New method tracks early stages of protein aggregation known to be involved in the development of the neurodegenerative disease.
Prof. Uri Ashery, left, and Dr. Dana Bar-On of Tel Aviv University. Photo: courtesy
An Israeli-British-German study published in Acta Neuropathologica reveals a novel method for detecting the aggregation of the protein alpha-synuclein, a hallmark of Parkinson’s disease.
Earlier detection could enable more effective treatment for the incurable, progressive neurodegenerative disease affecting the speech, posture, gait, digestion, sleep, impulse control and cognition of an estimated one million Americans and 10 million people worldwide.
By the time a patient is diagnosed with Parkinson’s disease, up to 80 percent of the dopaminergic cells in the substania nigra part of the brain are already dead, possibly due to toxicity resulting from alpha-synuclein aggregation.
“We have developed a new method for tracking early stages of aggregation of alpha-synuclein using super-resolution microscopy and advanced analysis,” announced Tel Aviv University Prof. Uri Ashery, co-author of the study and head of TAU’s Sagol School of Neuroscience and Wise Faculty of Life Sciences.
“Together with our collaborators at Cambridge University, who developed a special mouse model for Parkinson’s disease, we were able to detect different stages of the aggregation of this protein. We correlated the aggregation with the deteriorating loss of neuronal activity and deficits in the behavior of the mice,” Ashery explained.
“This is a significant step forward in the world of Parkinson’s research,” he said.
Monitoring treatment effects
Co-author Dana Bar-On of the Sagol School of Neuroscience said the new early-detection method also can be used to monitor the effects of drugs on alpha-synuclein aggregation.
Researchers from TAU and from the Max Planck Institute in Gottingen and Ludwig-Maximilians-Universität München were able to illustrate the effect of a specific drug, anle138b, on this protein aggregation and correlated these results with the normalization of the Parkinson’s phenotype in the mice.

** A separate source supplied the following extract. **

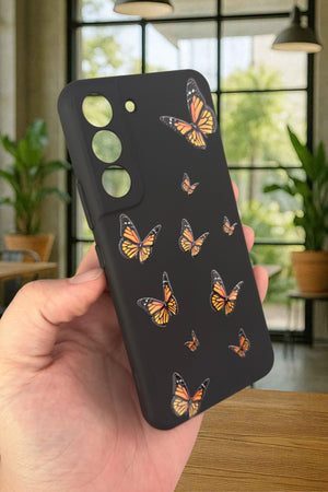 Samsung Galaxy S22-TURUNCU KELEBEK DESENLİ Silikon Darbe Emici Klasik Korumalı Rubber Kılıf

“We hope that this research can be implemented for use in the early diagnosis of Parkinson’s in patients,” said Bar-On. “We’re currently working to implement the methods in a minimally invasive manner with Parkinson’s patients.”
The scientists are planning to expand their research to family members of Parkinson’s disease patients.

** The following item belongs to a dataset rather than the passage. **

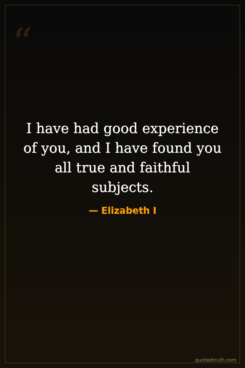 I have had good experience of you, and I have found you all true and faithful subjects.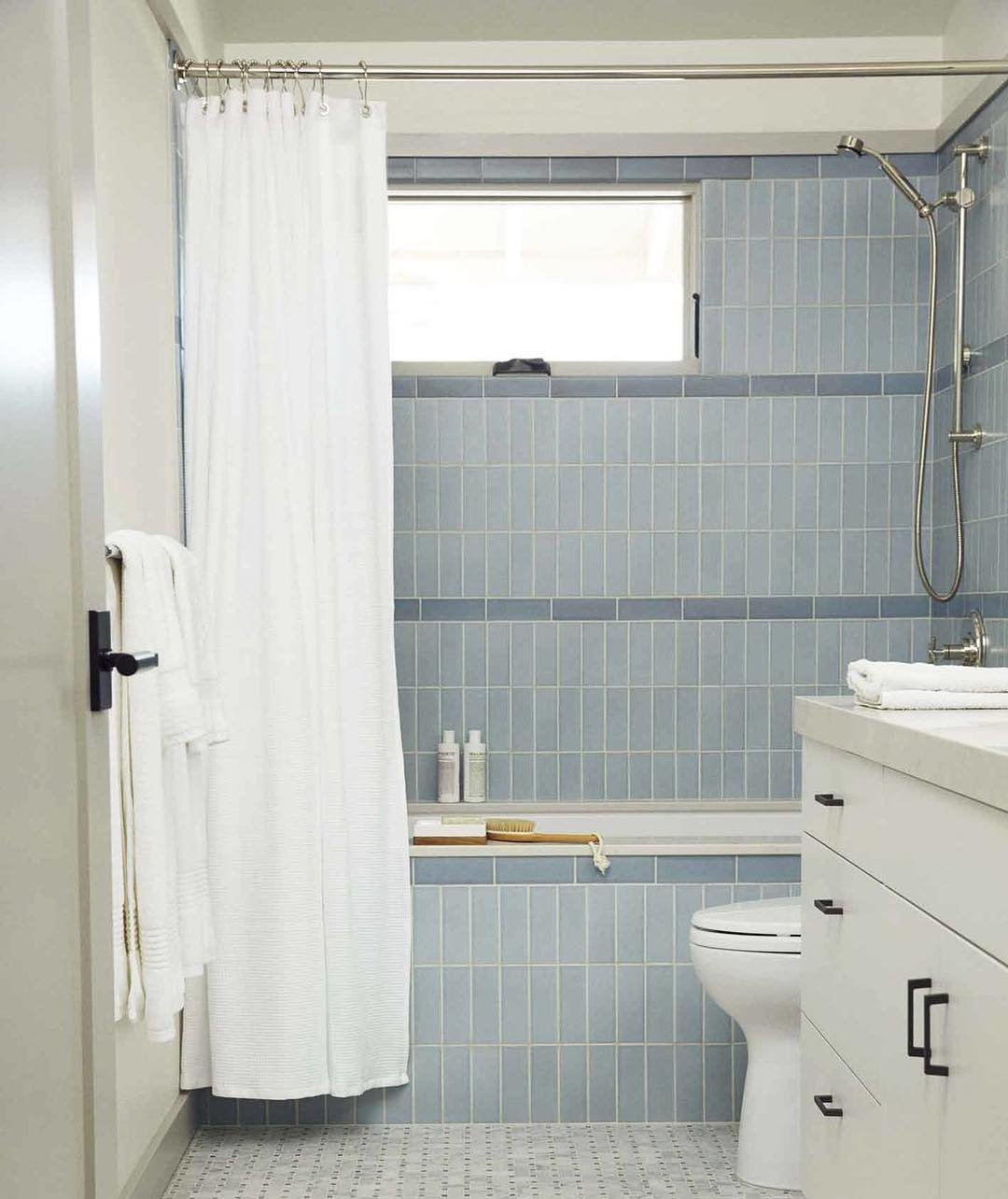 This layout leans into repetition in the best way. The vertical blue tiles create a calming rhythm that makes the space feel organized and airy at the same time.

“By detecting aggregates using minimally invasive methods in relatives of Parkinson’s disease patients, we can provide early detection and intervention and the opportunity to track and treat the disease before symptoms are even detected,” Ashery said.
Ashery has led several other ground-breaking studies on neurological diseases. In 2013, ISRAEL21c reported on his team’s identification of microRNAs that detrimentally regulate protein levels in the brains of mice with Alzheimer’s disease.
In 2017, we reported on Ashery’s study showing that hyperbaric oxygen treatments may ameliorate symptoms experienced by people with Alzheimer’s disease.